START DATA PROVIDED

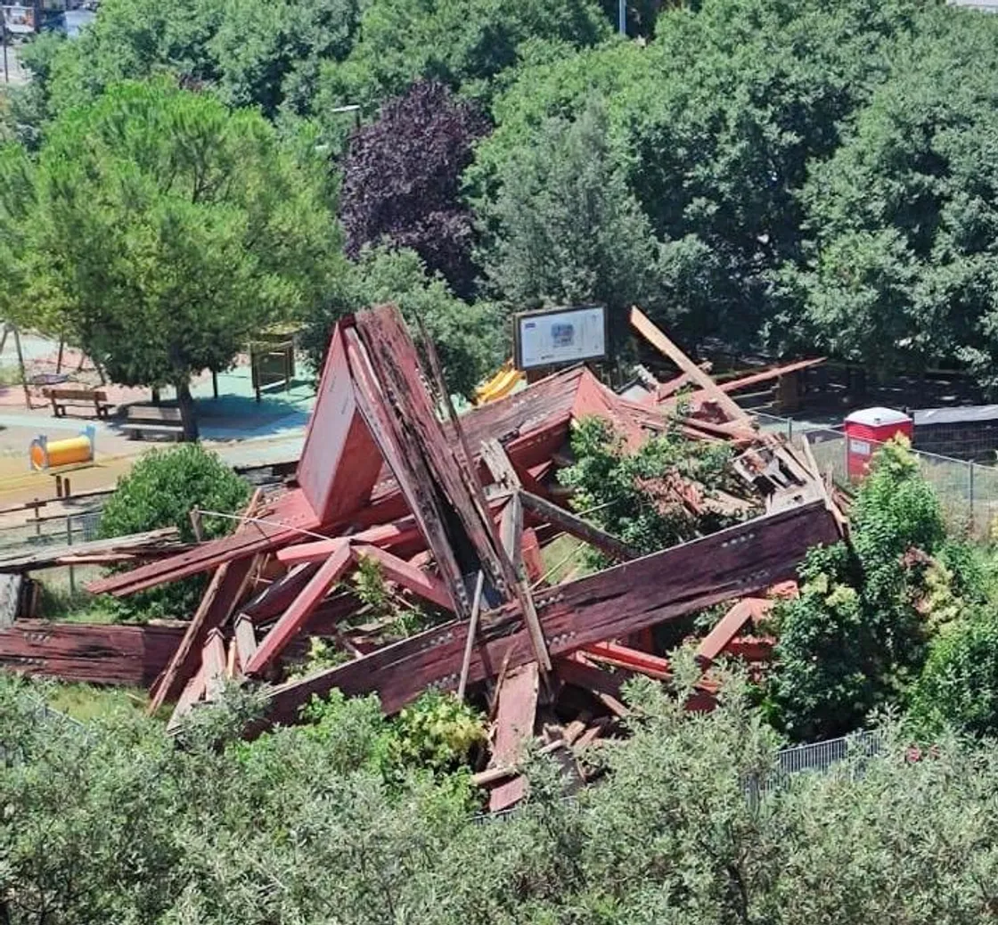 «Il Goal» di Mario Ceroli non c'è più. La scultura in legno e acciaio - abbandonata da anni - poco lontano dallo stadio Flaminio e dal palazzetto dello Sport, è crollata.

END DATA PROVIDED
START DATA PROVIDED

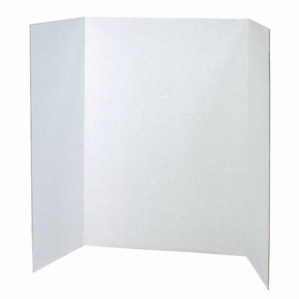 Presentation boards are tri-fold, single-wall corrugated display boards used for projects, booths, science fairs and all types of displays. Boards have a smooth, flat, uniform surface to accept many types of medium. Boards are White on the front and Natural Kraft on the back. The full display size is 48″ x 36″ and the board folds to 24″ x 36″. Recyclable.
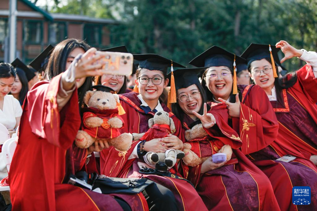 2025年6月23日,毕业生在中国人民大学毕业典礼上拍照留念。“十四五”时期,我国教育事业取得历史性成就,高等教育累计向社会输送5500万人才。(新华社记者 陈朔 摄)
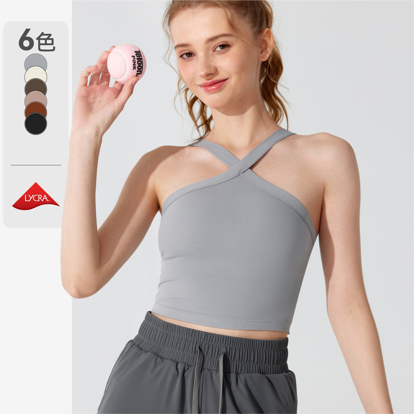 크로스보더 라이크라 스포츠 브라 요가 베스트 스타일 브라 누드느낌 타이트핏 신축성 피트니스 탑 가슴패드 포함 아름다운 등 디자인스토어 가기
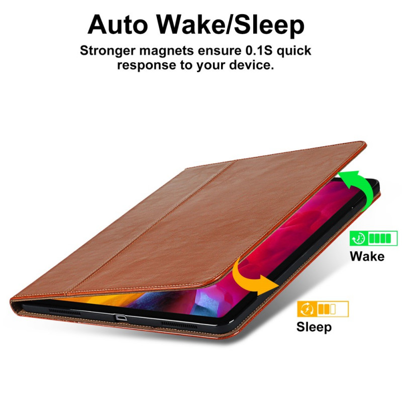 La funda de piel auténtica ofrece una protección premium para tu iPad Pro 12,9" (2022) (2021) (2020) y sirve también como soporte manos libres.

END DATA PROVIDED
START DATA PROVIDED

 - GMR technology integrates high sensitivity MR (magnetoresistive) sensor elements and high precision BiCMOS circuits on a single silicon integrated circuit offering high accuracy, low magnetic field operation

END DATA PROVIDED

- WORK ITEM:
Although the records hold pictures, the copy must not; give again exactly the lines from the one with "크로스보더 라이크라 스포츠" through the one with "La funda de".

- WRITTEN SOLUTION:
 크로스보더 라이크라 스포츠 브라 요가 베스트 스타일 브라 누드느낌 타이트핏 신축성 피트니스 탑 가슴패드 포함 아름다운 등 디자인스토어 가기
 La funda de piel auténtica ofrece una protección premium para tu iPad Pro 12,9" (2022) (2021) (2020) y sirve también como soporte manos libres.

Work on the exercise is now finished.